Known Lower Bound: For even $d = c$, we have that $g(d,c) \geq 3^{(c/2)}$. To see this, consider the set of Pareto points of the following form (for $0 \leq i < c/2-1$):
$$
(\underbrace{0,0,\ldots}_{2i \text{ many } 0s},1,2,\underbrace{\ldots,0,0}_{(c-2i-2) \text{ many } 0s})
$$
and
$$
(\underbrace{0,0,\ldots}_{2i \text{ many } 0s},2,1,\underbrace{\ldots,0,0}_{(c-2i-2) \text{ many } 0s})
$$
The co-Pareto points in this case are arbitrary concatenations of $c/2$ many elements from of $\{(0,n), (1,1), (n,0)\}$, such as:


*

*$(0,n,0,n,\ldots,0,n)$

*$(0,n,0,n,\ldots,1,1)$

*$(0,n,0,n,\ldots,n,0)$

*$\ldots$

*$(n,0,n,0,\ldots,n,0)$
 A: Here’s an upper bound of $g(d, c) = O(c^{\lfloor d/2\rfloor})$ for each fixed $d$:
Let the $i$th Pareto point be $\vec p_i = (p_{i1}, p_{i2}, \dotsc, p_{id})$ for each $1 \le i \le c$, and define $p_{0k} = n + 1$ for convenience, so that any co-Pareto point is described by $(p_{i_11} - 1, p_{i_22} - 1, \dotsc, p_{i_dd} - 1)$ for some $0 \le i_1, i_2, \dotsc, i_d \le c$.  Perform the following procedure:


*

*Initialize $j_1 \leftarrow i_1, j_2 \leftarrow i_2, \dotsc, j_d \leftarrow i_d$.

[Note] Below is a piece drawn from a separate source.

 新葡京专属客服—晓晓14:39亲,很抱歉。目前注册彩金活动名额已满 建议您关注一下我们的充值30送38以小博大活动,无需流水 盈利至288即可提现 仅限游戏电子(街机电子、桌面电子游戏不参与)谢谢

*Initialize $h_1 \leftarrow 1, h_2 \leftarrow 1, \dotsc, h_d \leftarrow 1$.

*For each $k \leftarrow 1, 2, \dotsc, d$:


*

*If $p_{j_k k} \ne p_{j_\ell k}$ for all $\ell \ne k$:


*

*Choose $\ell \ne k$ to maximize $p_{j_\ell k}$ with $j_\ell \ne 0$.

*Assign $j_k \leftarrow j_\ell$ and $h_k \leftarrow 0$.

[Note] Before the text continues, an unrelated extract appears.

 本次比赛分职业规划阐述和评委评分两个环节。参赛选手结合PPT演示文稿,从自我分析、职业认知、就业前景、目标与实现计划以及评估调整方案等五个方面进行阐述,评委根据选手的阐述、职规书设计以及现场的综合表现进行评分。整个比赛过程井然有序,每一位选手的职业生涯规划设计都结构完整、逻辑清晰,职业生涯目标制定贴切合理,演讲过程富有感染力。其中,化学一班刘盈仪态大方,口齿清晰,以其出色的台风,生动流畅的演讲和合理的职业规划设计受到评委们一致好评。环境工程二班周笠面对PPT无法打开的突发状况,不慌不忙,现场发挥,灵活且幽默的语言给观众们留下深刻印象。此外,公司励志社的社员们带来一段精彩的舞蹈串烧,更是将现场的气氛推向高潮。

This loop maintains the invariant that $(p_{i_11} - h_1, p_{i_22} - h_2, \dotsc, p_{i_dd} - h_d)$ is co-Pareto within the $(d - k)$-dimensional slice defined by fixing the first $k$ coordinates after step $k$.
The result is a tuple $(j_1, j_2, \dotsc, j_d)$ where every element occurs at least twice (there are $O(c^{\lfloor d/2\rfloor})$ such tuples for fixed $d$), and a tuple $(h_1, h_2, \dotsc, h_d)$ of bits (there are $O(1)$ such tuples for fixed $d$).  Given these tuples, we can uniquely recover the original co-Pareto point:


*

*Initialize $i_1 \leftarrow j_1, i_2 \leftarrow j_2, \dotsc, i_d \leftarrow j_d$.

*For each $k \leftarrow d, d - 1, \dotsc, 1$:


*

*If $h_k = 0$:


*

*Assign $h_k = 1$.

*Assign $i_k$ to minimize $p_{i_k k}$ such that $f(p_{i_11} - h_1, p_{i_22} - h_2, \dotsc, p_{i_dd} - h_d) = \mathbf{false}$.




Therefore, there are $O(c^{\lfloor d/2\rfloor})$ co-Pareto points.